Fikri olan saldırmaz.

Haklı olan hakaret etmez.

Topluma vadettiklerini yaşama geçiren iktidarlar toplumu germez, ayrıştırmaz, düşmanlaştırmaz, hukuku ayaklar altına almaz…

Öyleyse siyaset dili yerini kavgaya bırakmışsa, yönetenlerin fikri tükenmiş, toplum nezdinde meşruluğunu yitirmiş; toplumun yoksulluğuna, işsizliğine, can güvenliğine, adalet arayışına çare bulamamış demektir.

Toplumsal meşruluğunu yitiren iktidar ne yapar?

İki şey yapar.

Ya, "ben ülkeyi yönetemiyorum, daha iyi yönetenler gelsin" deyip demokratik bir seçimin yolunu açar ya da iktidardan düşmemek için her türlü anti-demokratik yol ve yöntemi kullanarak baskı rejimini en üst seviyeye çıkarır ve en sonunda da demokrasiyi askıya alıp tek adam diktatörlüğünün hukuksal zeminini tamamlar.

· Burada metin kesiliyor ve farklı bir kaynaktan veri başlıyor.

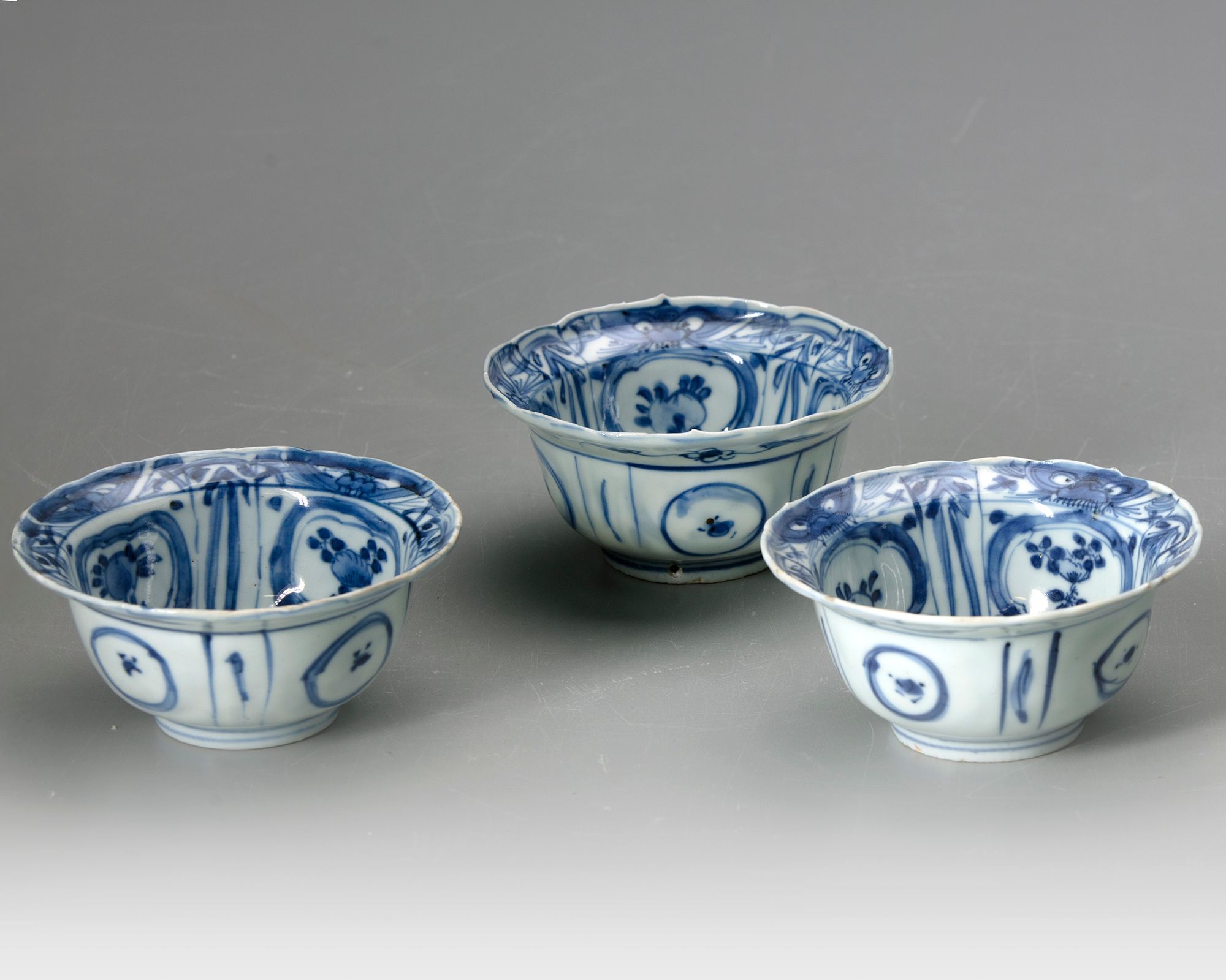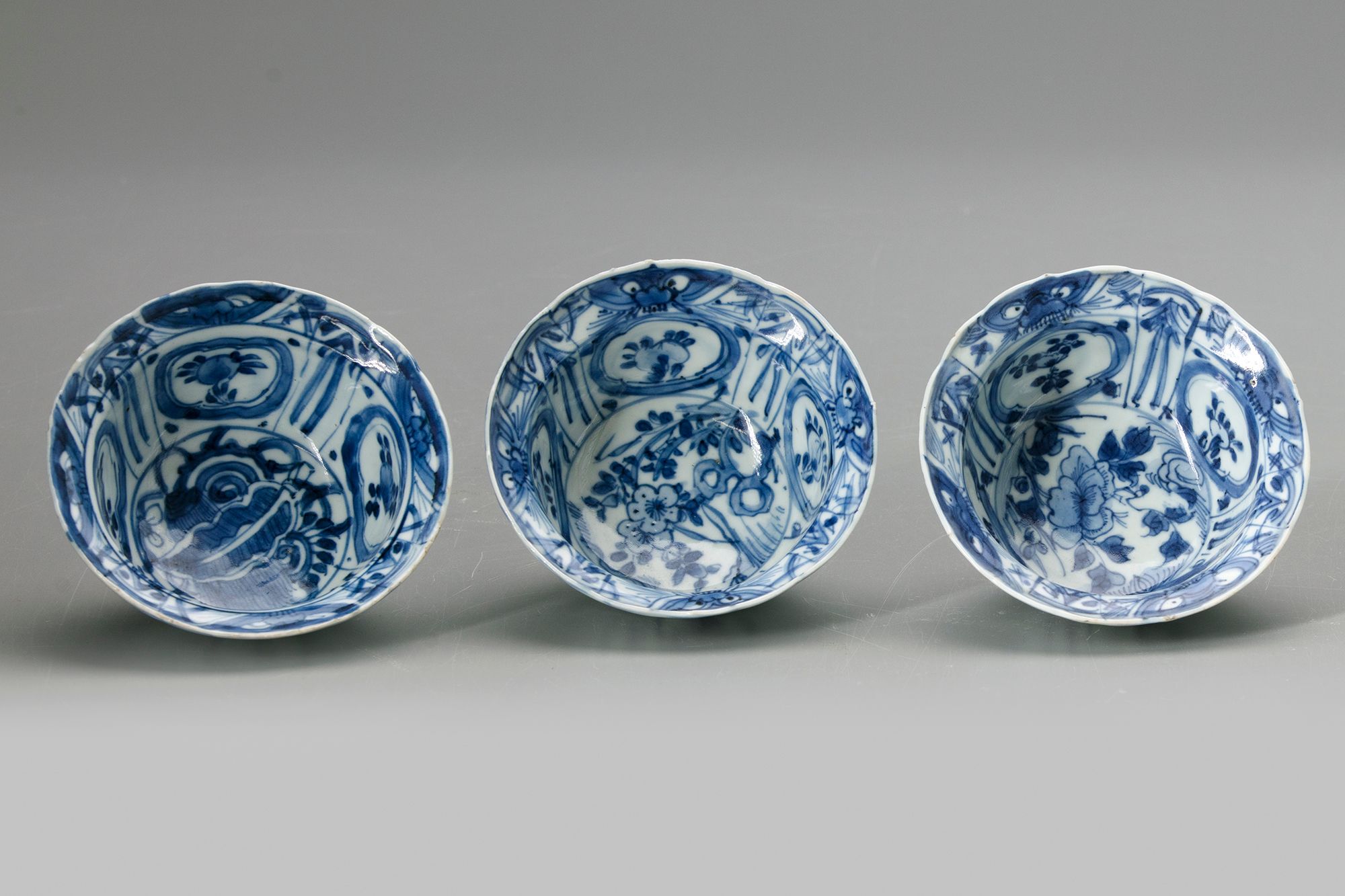 Each with small foot and slightly everted rim, decorated with panels enclosing flowers growing from ornamental rocks. Diameter 10 cm. Height 5 cm.

 "Biz ülkeyi yönetemiyoruz, daha iyi yönetenler gelsin" diyen bir dönem asla yaşamadık; ama seçimle iş başına gelmiş seçilmişleri zor yöntemi kullanarak devre dışı bırakıp atanmışlarla yoluna devam bir iktidar da olmamıştır. Böyle olunca da bugünkü iktidarın da demokratik bir seçim yolunu açıp halkın iradesine başvurması mümkün değil; çünkü rejim değişti, devletin yapısı değiştirilerek her şey yürütmenin emrine verildi. Yasama yok hükmünde, yargı tüm kurum kuruluşlarıyla yürütmeye bağlı. Böyle olunca da kendi değimleriyle; devlet artık bir şirkete dönüştü.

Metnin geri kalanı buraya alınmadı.